Sergiyenko hopes to present the case study to hospital officials, and Shah is confident that the high quality work and useful new insights and recommendations will soon be a hit on the academic and professional conference circuit.

For Sergiyenko, the project was a lesson that could never have been learned from a textbook or class lecture.

“Organizationally and operationally, sometimes there is one thing you read in a textbook but having the opportunity to apply and try things out in the real world provided me with insights that other job hunting graduates will not have…its my competitive edge,” he said.

Sergiyenko admitted that he is still exploring his ideal career path, “but this project actually helped me to organize my thoughts in a better way,” he said. “Now I have an applied research product to present. Say for instance, if I have a promising interview, I could talk about this. “There are a lot of careers in my field that incorporate the methods and principles I used,” he said. “If I go into this field, I will know how to perform this work.”

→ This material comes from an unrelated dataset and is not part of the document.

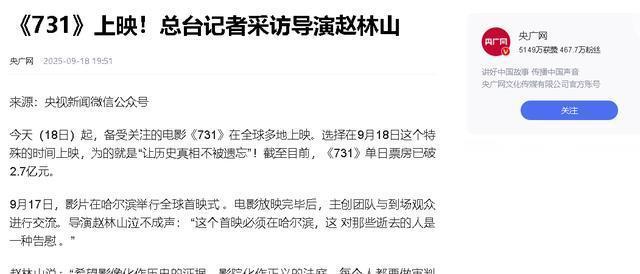《731》全球上映仅1天,网上差评不断,央视发文力挺,句句戳心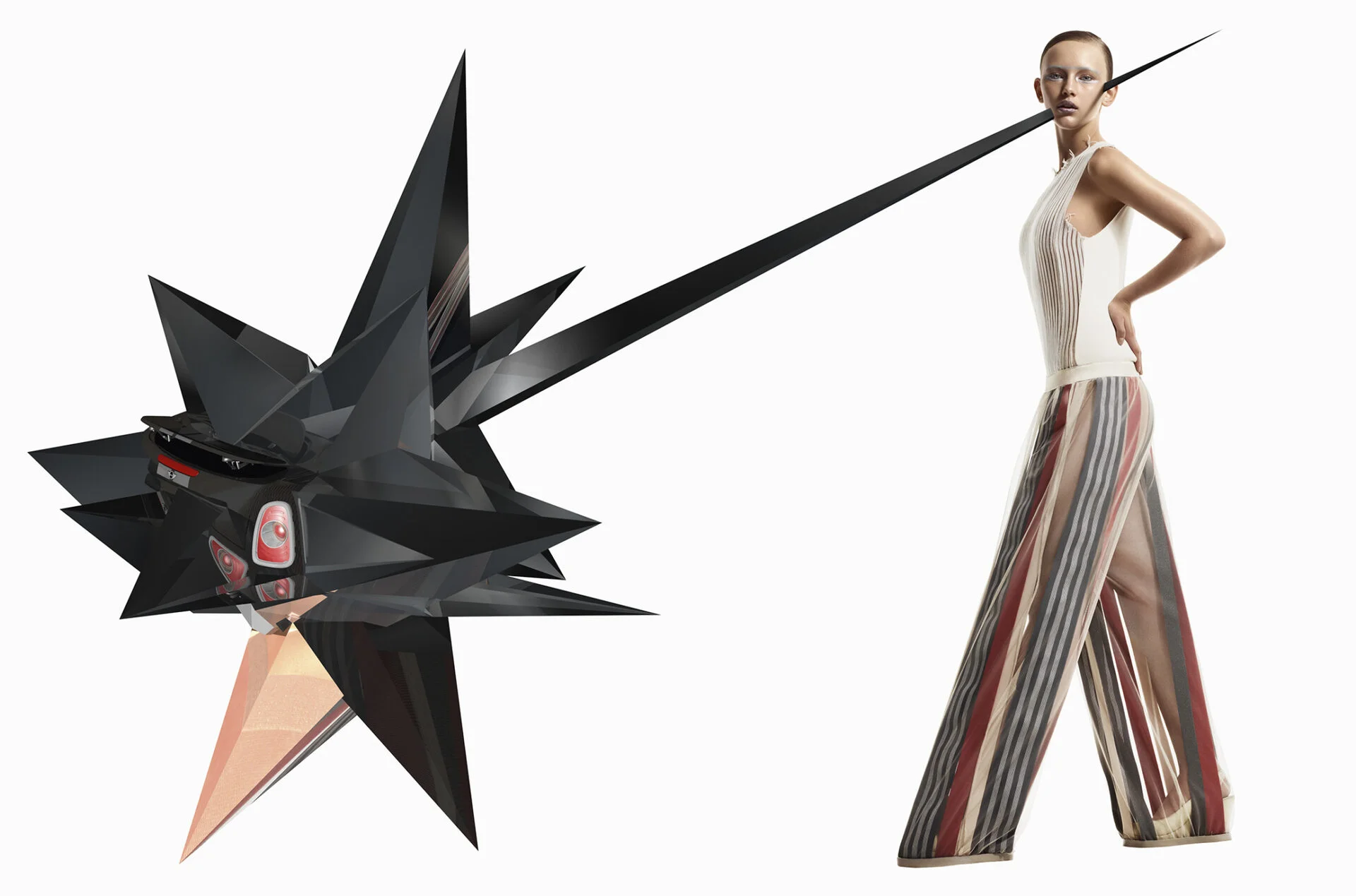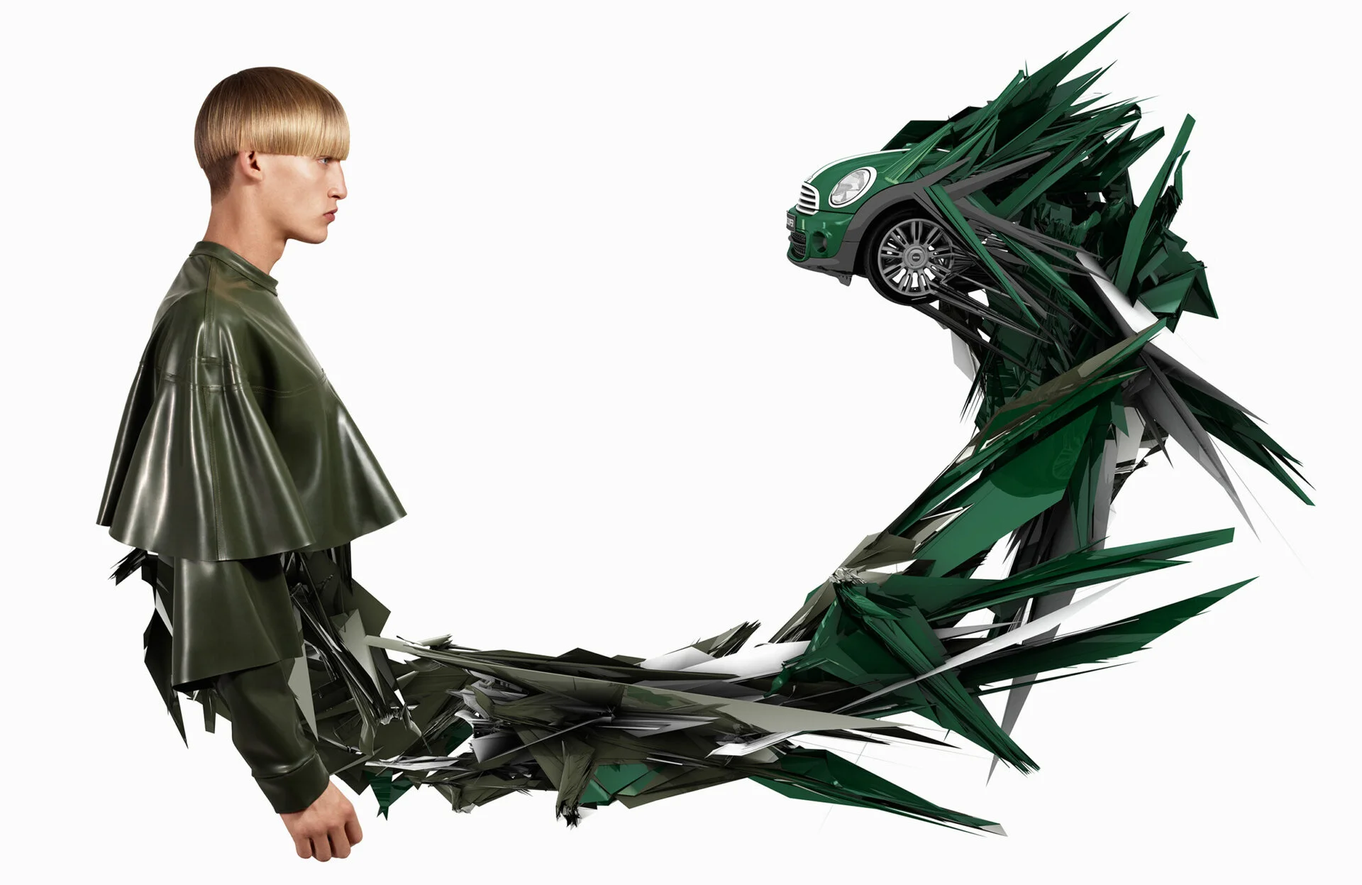 A fashion campaign for Mini in collaboration with UK’s Dazed magazine. Six up-and-coming fashion designers were commissioned to share their vision of contemporary urban lifestyles. At the same time, we experimented with the MINI Coupe’s original factory 3D CAD files. Our goal was to bring the fashion shots and the car’s virtual volumes seamlessly together into the same world and position the car at the forefront of avant-garde design.

Shah said that Sergiyenko stands out as an example of a student who knew what he wanted out of his education and actively sought out opportunities to customize it. A real advantage of IU Northwest, he said, is the presence of top class research experts in many fields who are easily accessible and care enough to take students under-wing for a customized learning experience.

Sergiyenko added that this opportunity is an example of the benefits of a regional university as opposed to a large residential one.

“I think it’s better to get an education in a localized institution,” Sergiyenko explained. “Here, you have a unique opportunity to talk directly with professors who can help in many ways. They are happy to share with you some of their experiences and some of their findings, what kind of path they’ve taken and what you might do in the future to help your own career."